Expansion of Part D Coverage
Section 175 of the Medicare Improvements for Patients and Providers Act of 2008, requires that Part D Plans cover benzodiazepines and barbiturates when these products used to treat epilepsy, cancer, or chronic mental health disorders on or after January 1, 2013. As such, the Proposed Rule seeks to amend the definition of Part D Drug to include benzodiazepines and barbiturates.
Preferred Durable Medical Equipment (DME) Items and Supplies
The Proposed Regulation would for the first time allow Medicare Advantage Prescription Drug Plans that now are required to cover DME items and supplies pursuant to Medicare Part B to limit coverage to certain preferred DME products or brands. In other words, the Proposed Rule would permit DME formularies. The Proposed Rule would also require sponsors of Medicare Advantage Prescription Drug Plans to establish a medical necessity process to entertain requests for coverage of nonpreferred DME items and supplies and to cover all medically necessary DME items and supplies, including those that are nonpreferred. Denials of nonpreferred DME items and supplies would be subject to the current beneficiary coverage determination and appeals process.
Establishment of Daily Cost-Sharing Rate For Initial Fills
The Proposed Rule would require Part D Plan sponsors to provide enrollees access to a daily pro-rated cost-sharing rate for initial fills of prescriptions dispensed by a network pharmacy, other than antibiotics and drugs customarily dispensed in their original packaging, for less than a 30 day supply of a prescription drug. This will enable prescribers and beneficiaries to synchronize refills of multiple prescription drugs.
Independence of Consulting Pharmacists in Long Term Care Facilities
Of note, in the Proposed Rule, CMS is exploring requiring that consultant pharmacists in long term care facilities be independent from long term care pharmacies and pharmaceutical manufacturers.
In the Proposed Rule, CMS has expressed concern that the intertwined financial relationships between consultant pharmacists in long term care facilities, long term care pharmacies and pharmaceutical manufacturers may negatively impact patient safety and quality of care.

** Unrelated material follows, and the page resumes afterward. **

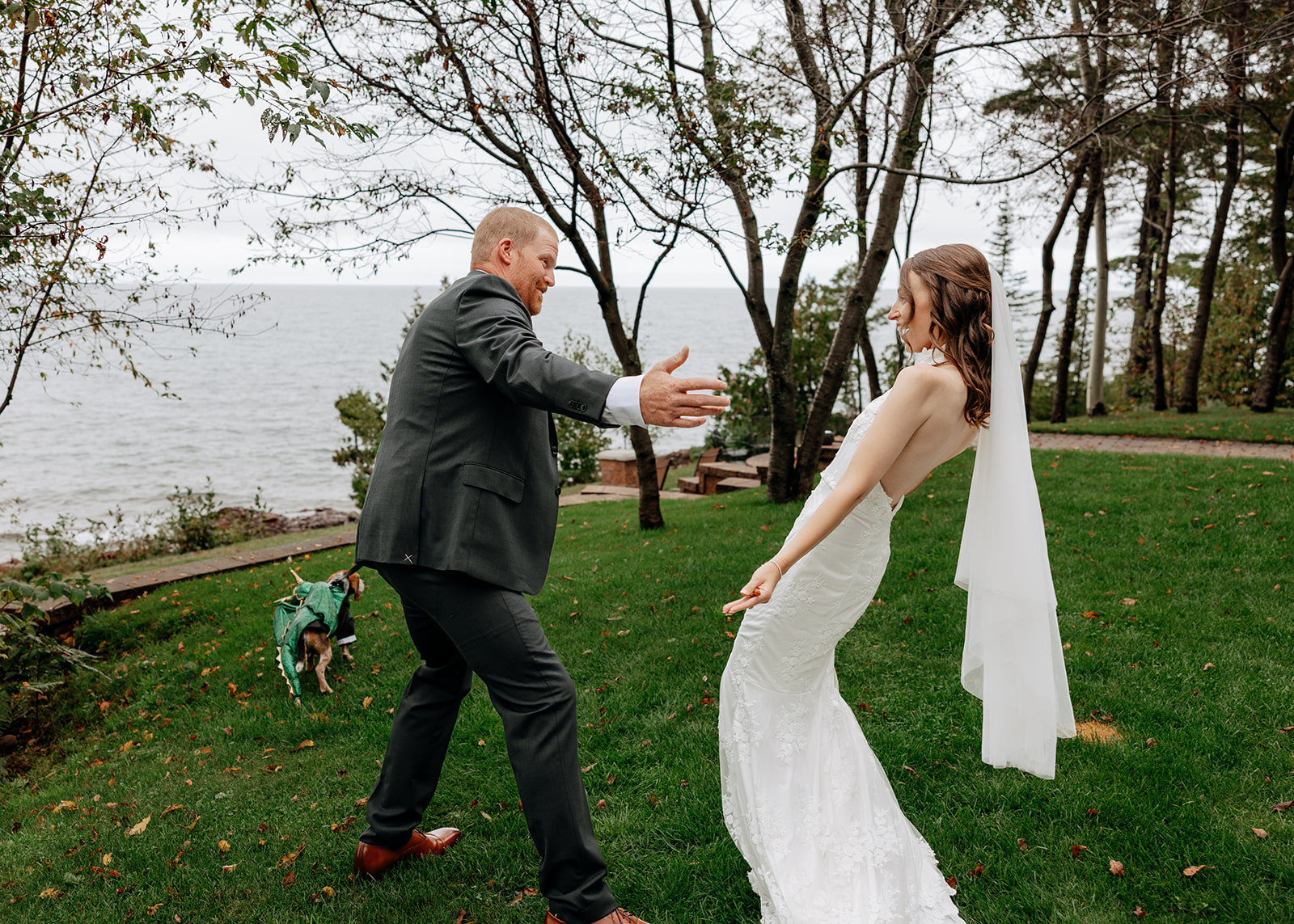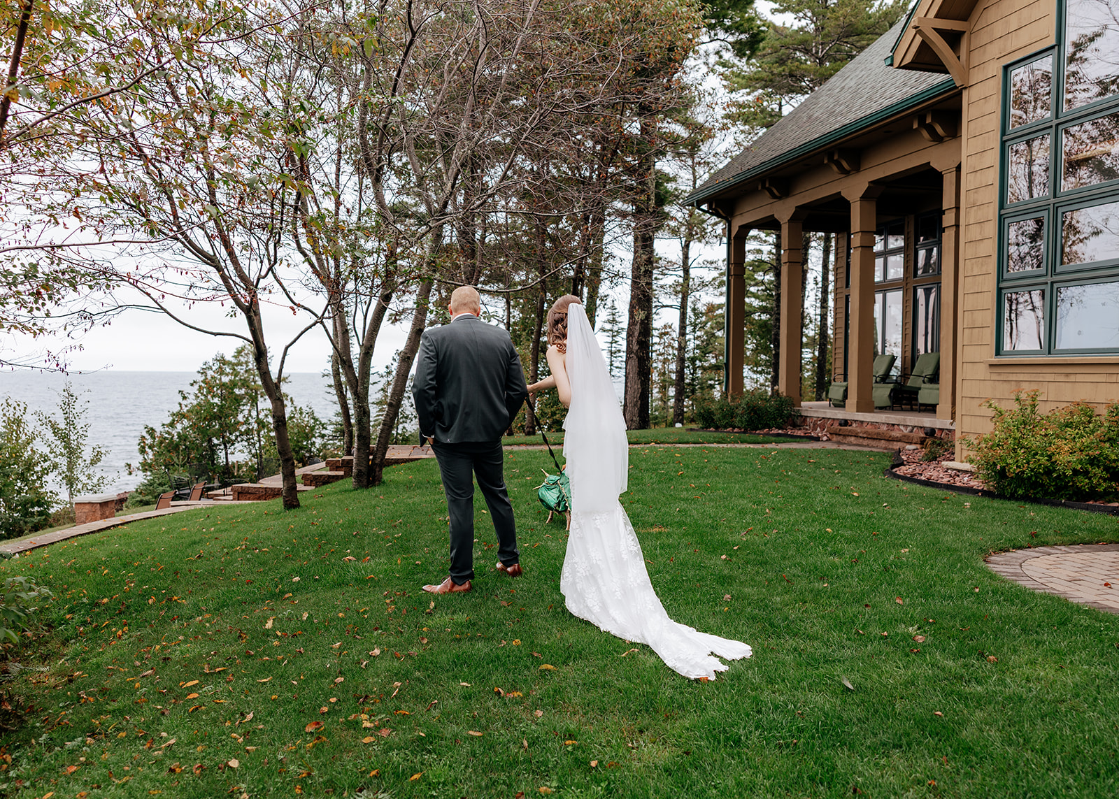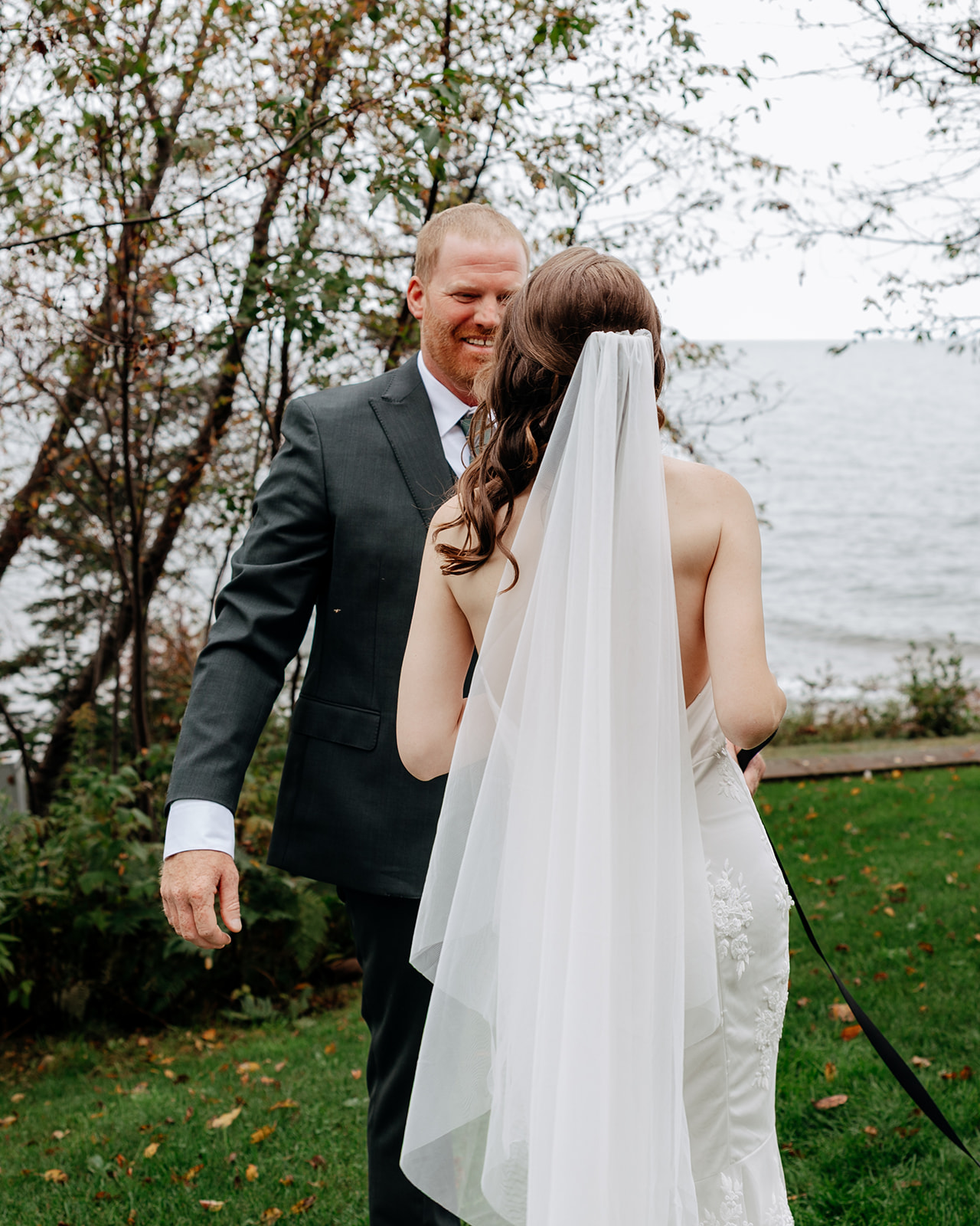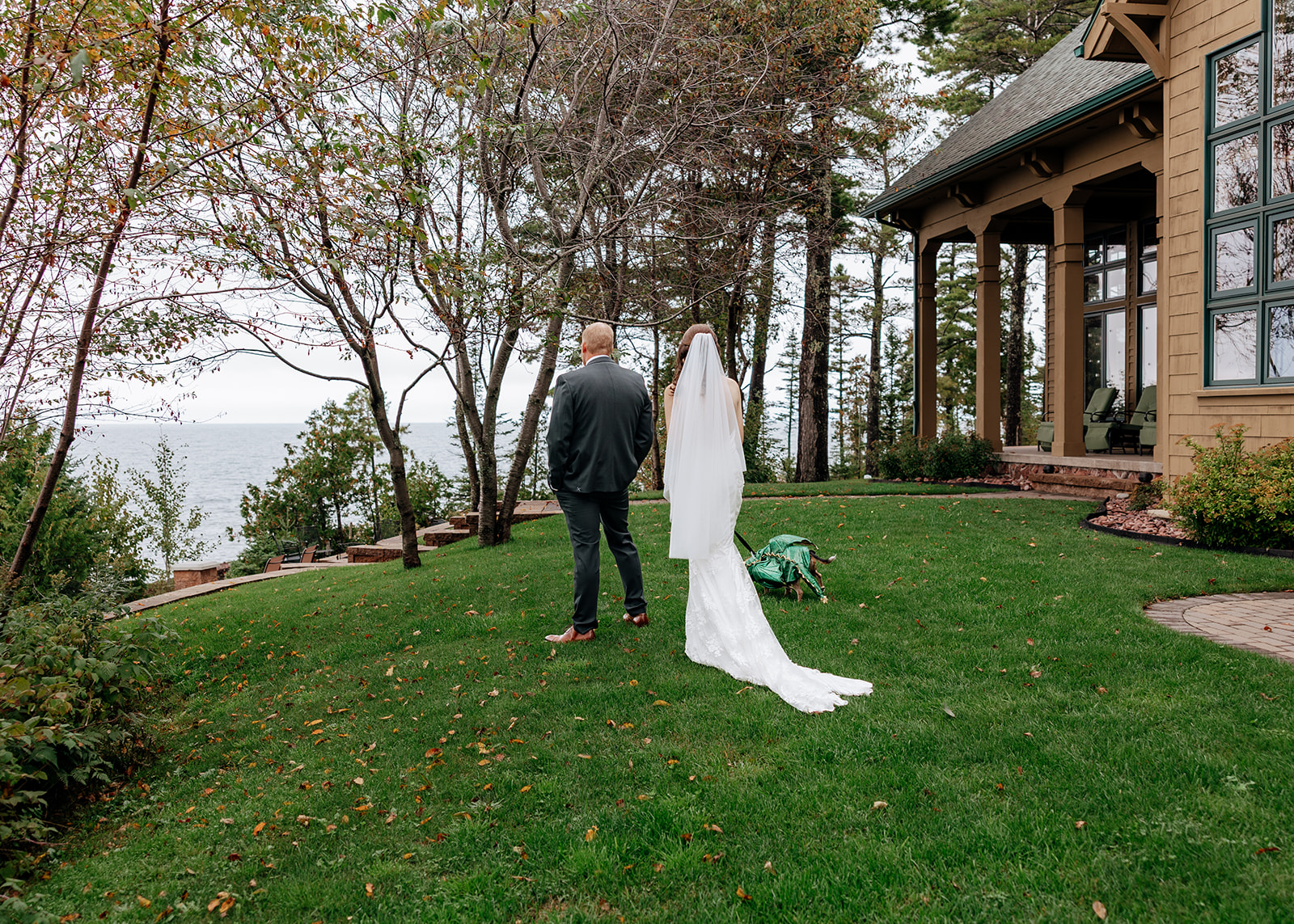 Crystal and Scott got ready at Keweenaw Castle, a venue chosen not just because it’s a beautiful backdrop, but for its calm, supportive atmosphere. Scott put on his suit and stepped outside to take in the view of Lake Superior while Crystal finished getting ready inside. Crystal had chosen a new dress for the day, something special just for this celebration, and a surprise for Scott. When she stepped outside with PhilLee — dressed in his own outfit — Scott saw her for the first time. It was quiet and entirely their own.

Particularly, CMS is concerned with the ability of consultant pharmacists to switch long term care patients’ medications without regard to the cost structure of patients’ Part D Plan formularies, the functioning of drug utilization management programs or, most importantly, the best of interest of patients.
The full text of the Proposed Rule is available here. Comments on the Proposed Rule will be accepted by CMS from all stakeholders through December 12, 2011 at 5 pm.